MATERIAL FOR THIS EXERCISE>
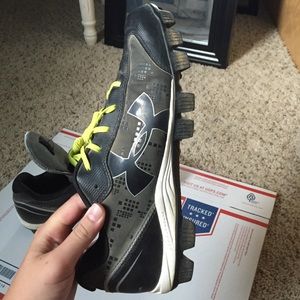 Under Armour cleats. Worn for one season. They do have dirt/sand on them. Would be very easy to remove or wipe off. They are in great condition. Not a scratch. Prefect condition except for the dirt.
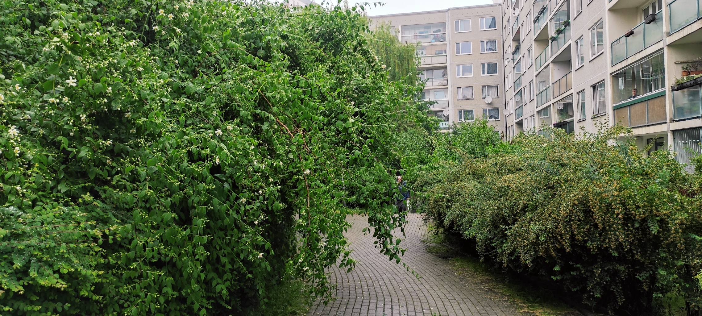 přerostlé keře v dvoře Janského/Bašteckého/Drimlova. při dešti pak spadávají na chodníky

==

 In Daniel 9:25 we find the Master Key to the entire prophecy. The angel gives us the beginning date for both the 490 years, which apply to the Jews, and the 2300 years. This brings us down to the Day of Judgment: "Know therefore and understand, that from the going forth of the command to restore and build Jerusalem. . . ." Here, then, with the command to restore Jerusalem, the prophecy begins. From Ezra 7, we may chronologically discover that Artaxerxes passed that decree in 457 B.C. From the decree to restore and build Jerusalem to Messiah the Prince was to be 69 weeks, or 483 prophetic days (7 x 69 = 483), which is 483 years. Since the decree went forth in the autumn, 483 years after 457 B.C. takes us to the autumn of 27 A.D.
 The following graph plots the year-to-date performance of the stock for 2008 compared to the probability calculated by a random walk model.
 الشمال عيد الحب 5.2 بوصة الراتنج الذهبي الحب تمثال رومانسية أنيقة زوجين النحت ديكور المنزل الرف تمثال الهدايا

==

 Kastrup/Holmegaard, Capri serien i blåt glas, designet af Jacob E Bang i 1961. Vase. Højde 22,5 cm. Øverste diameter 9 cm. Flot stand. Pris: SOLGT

EXERCISE AIM> From the line with "Under Armour cleats." up to and including the line with "přerostlé keře v" above, retype every line exactly and nothing more; leave out the pictures.

RESULT BELOW>
 Under Armour cleats. Worn for one season. They do have dirt/sand on them. Would be very easy to remove or wipe off. They are in great condition. Not a scratch. Prefect condition except for the dirt.
 přerostlé keře v dvoře Janského/Bašteckého/Drimlova. při dešti pak spadávají na chodníky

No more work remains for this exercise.